Scaling Workers

Scaling Workers

ThirdEye is comprised of three components:

  1. Coordinator
  2. Scheduler
  3. Worker

The coordinator receives REST API requests, can perform CRUD operations on ThirdEye entities, simulate detection pipeline, and run interactive root cause analysis (RCA).

The scheduler runs cron tasks and creates task objects.

The worker is responsible for doing the heavy lifting of running different kinds of tasks.

As we introduce more and more alerts, the task count grows proportionally. ThirdEye provides the flexibility to scale the workers horizontally as well as vertically to support the growing tasks.

Vertical Scaling

The ThirdEye worker has an internal thread pool which it uses to run the tasks in parallel. We can control the parallelism with the help of maxParallelTasks configuration.

When to do this?

This should be configured based on the frequent load expected on the worker, for example if there are 10 alerts which have detection scheduled for every minute then it makes sense to have 10 tasks run in parallel.

Configuration

For helm installation:

...
worker:
  config:
    maxParallelTasks: 10    # default is 5

values.yaml

For bare metal installation:

...
taskDriver:
  maxParallelTasks: 10

server.yaml

Horizontal Scaling

ThirdEye workers are scaled by replicating them.

When to do this?

This is a more flexible scaling as it allows us to scale up/down the number of workers based on sudden temporary changes in task rates, for example, if there are 5 alerts that run detection after every minute, but we also have another 10 alerts which just trigger once a day at 2 am, in this case it makes sense to spin up another worker before 2 am and take it down once the tasks are served.
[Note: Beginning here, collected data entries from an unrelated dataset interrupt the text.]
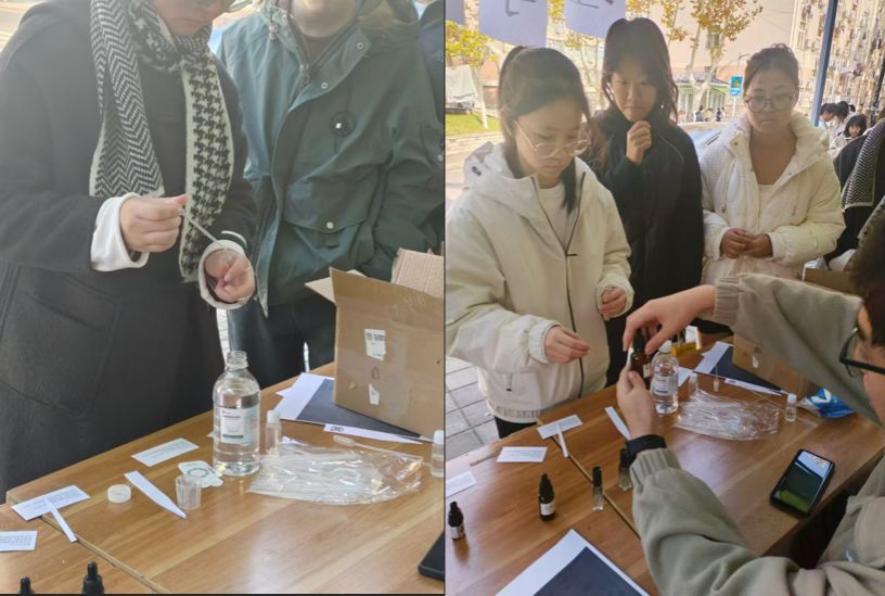 为了提升大学生对香水的认知,丰富美学素养与生活情趣,pg电子官网平台于11月30日在玉兰路举办了香水科普活动。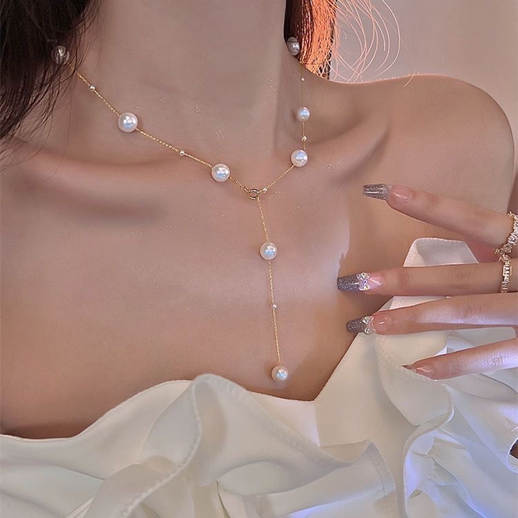 法式珍珠项链女气质百搭流苏锁骨链ins潮小众高级设计感网红配饰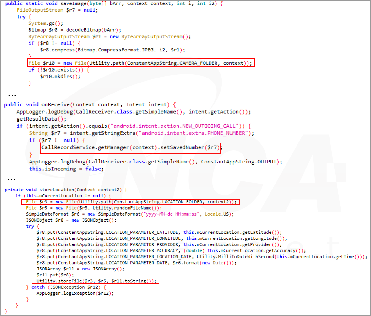 또한 아래와 같이 카메라 정보, 사용자 전화번호 정보, 위치 정보등을 탈취하여 각각의 해당 폴더에 보관한다. 이외에도 여러가지 정보를 탈취한다. 해당 폴더에 대한 내용은 [표 2] 에서 언급하도록 한다.

Note: HorizontalPodAutoscaler (HPA) is not yet supported in official ThirdEye Helm charts as the trigger to scale can vary based on the use case.

Configuration

For Helm installation, provide the number of replicas needed.

...
worker:
  replicas: 2
  ...
  config:
    randomWorkerIdEnabled: true

values.yaml

For bare metal installation, run multiple workers on different ports.

...
taskDriver:
  enabled: true
  randomWorkerIdEnabled: true

server.yaml

FAQs

What is the max number of parallel tasks can be run in case of vertical scaling?

Each thread will require cpu time and heap memory so long-running and high memory demanding tasks will prefer less parallel threads while quick running and low memory demanding tasks can afford to have more parallelism. The default is 5.

What is the max number of workers one can set in case of horizontal scaling?

There is no limit as such from the ThirdEye side, but basically it will be (resources available)/(resources required per worker).

How about consistency and reliability? In which case (vertical or horizontal scaling) does ThirdEye perform well?

This is a scenario-based behavior as to which scaling suits best. Neither of the two methods will put ThirdEye in inconsistent state. As for reliability, as long as enough resources are available for a given setup, the system won't be affected by scaling.